Extracted data entries:
"""

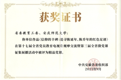 创作的党课视频《信仰的丰碑:追寻陈延年、陈乔年的红色足迹》在第十七届全省党员教育电视片观摩交流暨第三届全省微党课征集展播活动中被评为精品党课。全省仅4所高校报送的党课获评精品党课。
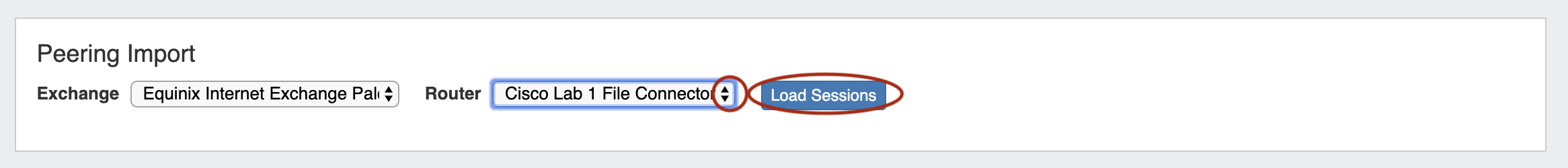 First, select the desired exchange and router. Routers with Logical Systems information will show up as the router name with the Logical System info in parenthesis (e.g. "Juniper (test)"). Then click "Load Sessions".
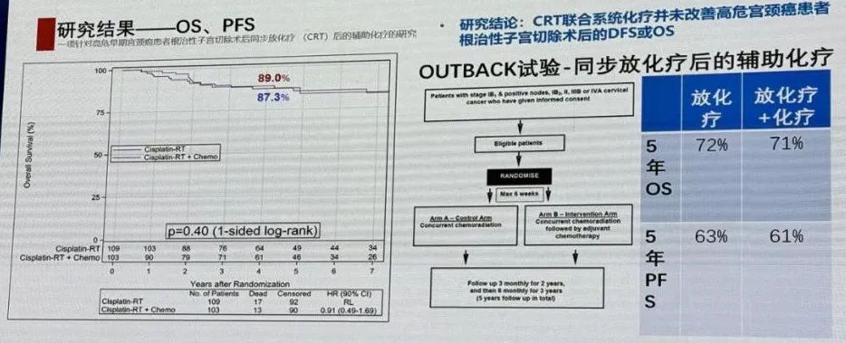往届ASCO会议公布的OUTBACK研究在局部晚期宫颈癌(鳞状细胞癌、腺鳞癌或FIGO 2008 IB1期伴淋巴结受累的腺癌,或IB2、II、IIIB或IV期)患者中对比放化疗后辅助治疗vs单独放化疗,也得出阴性的结果。
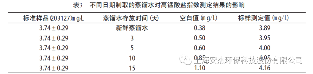 標(biāo)樣測定值隨著空白值的增大而增大,當(dāng)空白值為0.60 mg/ L (即蒸餾水存放時(shí)間為5 天)時(shí),測定結(jié)果已接近不確定度的上限,而空白值超過0.85 mg/ L (即蒸餾水存放時(shí)間超過10 天)時(shí),測定結(jié)果已超出不確定度的上限。因此,在測定高錳酸鹽指數(shù)時(shí),不要使用存放時(shí)間超過5 天的蒸餾水,最好取用新鮮蒸餾水,這樣就可以減少空白值對測定結(jié)果的影響。
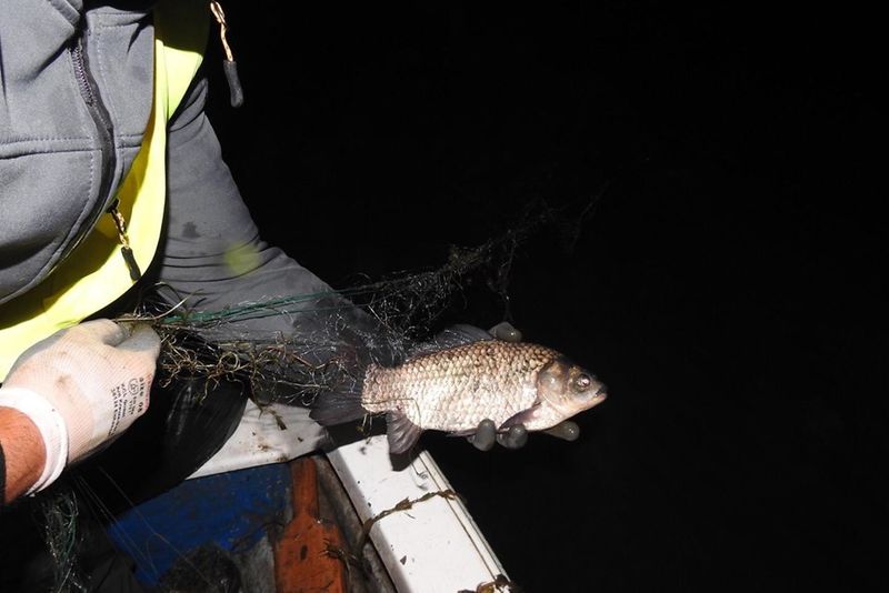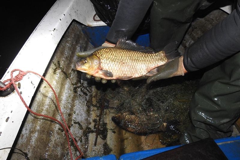 Continuă lupta cu braconajul pe lacul Galbeni. Caras de dimensiuni considerabile, prins în plasele braconierilor
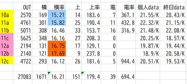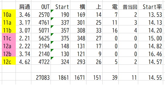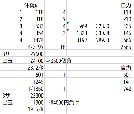 こうしてみると沖6の上スタはかなり性能が悪いですね。この日もずっと上に注目してたけど、窪みが小さすぎて入らない。だからこそ上が伸びないのですがこの辺が沖6の限界。1回だけ上129.1ってのがあったけど其れ以外は180前後。概ね沖縄6の上スタは180と思ってれば間違いはなさそう。そうすると横は相当良くなければ打つのは難しい。
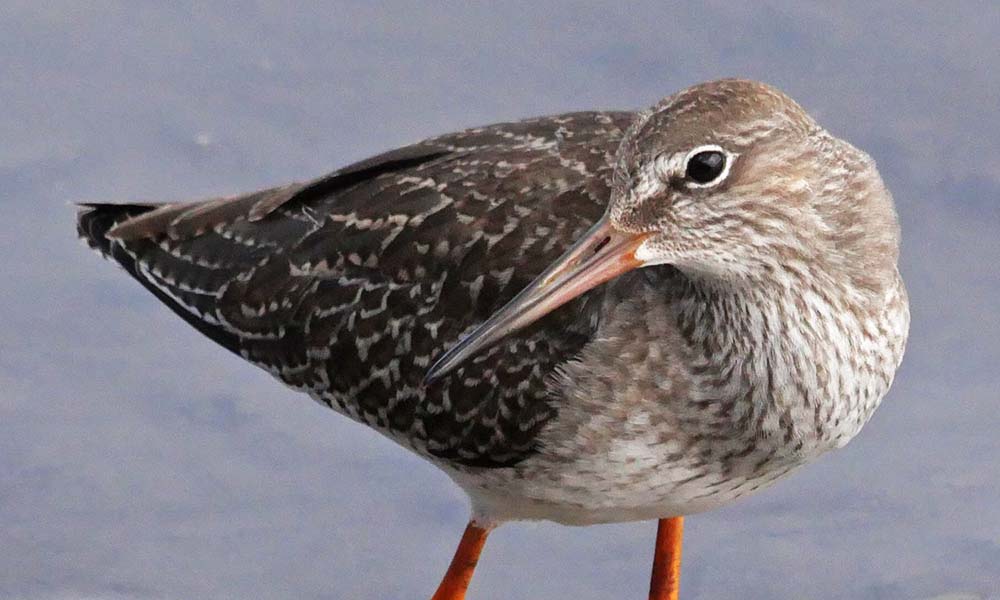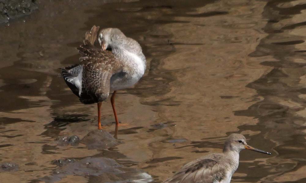 アカアシシギの羽繕い、手前はソリハシシギ
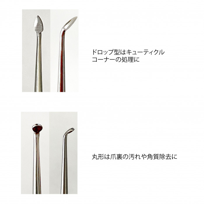 | シリコンカバーの柄が作業する手に優しく疲れにくいキュレットです。ドロップ型はキューティクルコーナーの処理に使えます。丸形は爪裏の汚れや角質除去に便利です。 ※本商品を目的以外に使用しないで下さい。 ※高温や直射日光を避け、お子様の手の届かない場所に保管して下さい。 ※ご使用後は必ず消毒をして下さい。EFビットクリーナーでの除菌をお勧めします。乾燥後付属のキャップをして保管して下さい。 |

"""

▸ **Work required**:
Could you repeat exactly the lines from the first one of the records above through the line containing "アカアシシギの羽繕い、手前はソリハシシギ", leaving out any pictures?

▸ **Result**:
 创作的党课视频《信仰的丰碑:追寻陈延年、陈乔年的红色足迹》在第十七届全省党员教育电视片观摩交流暨第三届全省微党课征集展播活动中被评为精品党课。全省仅4所高校报送的党课获评精品党课。
 First, select the desired exchange and router. Routers with Logical Systems information will show up as the router name with the Logical System info in parenthesis (e.g. "Juniper (test)"). Then click "Load Sessions".
往届ASCO会议公布的OUTBACK研究在局部晚期宫颈癌(鳞状细胞癌、腺鳞癌或FIGO 2008 IB1期伴淋巴结受累的腺癌,或IB2、II、IIIB或IV期)患者中对比放化疗后辅助治疗vs单独放化疗,也得出阴性的结果。
 標(biāo)樣測定值隨著空白值的增大而增大,當(dāng)空白值為0.60 mg/ L (即蒸餾水存放時(shí)間為5 天)時(shí),測定結(jié)果已接近不確定度的上限,而空白值超過0.85 mg/ L (即蒸餾水存放時(shí)間超過10 天)時(shí),測定結(jié)果已超出不確定度的上限。因此,在測定高錳酸鹽指數(shù)時(shí),不要使用存放時(shí)間超過5 天的蒸餾水,最好取用新鮮蒸餾水,這樣就可以減少空白值對測定結(jié)果的影響。
 Continuă lupta cu braconajul pe lacul Galbeni. Caras de dimensiuni considerabile, prins în plasele braconierilor
 こうしてみると沖6の上スタはかなり性能が悪いですね。この日もずっと上に注目してたけど、窪みが小さすぎて入らない。だからこそ上が伸びないのですがこの辺が沖6の限界。1回だけ上129.1ってのがあったけど其れ以外は180前後。概ね沖縄6の上スタは180と思ってれば間違いはなさそう。そうすると横は相当良くなければ打つのは難しい。
 アカアシシギの羽繕い、手前はソリハシシギ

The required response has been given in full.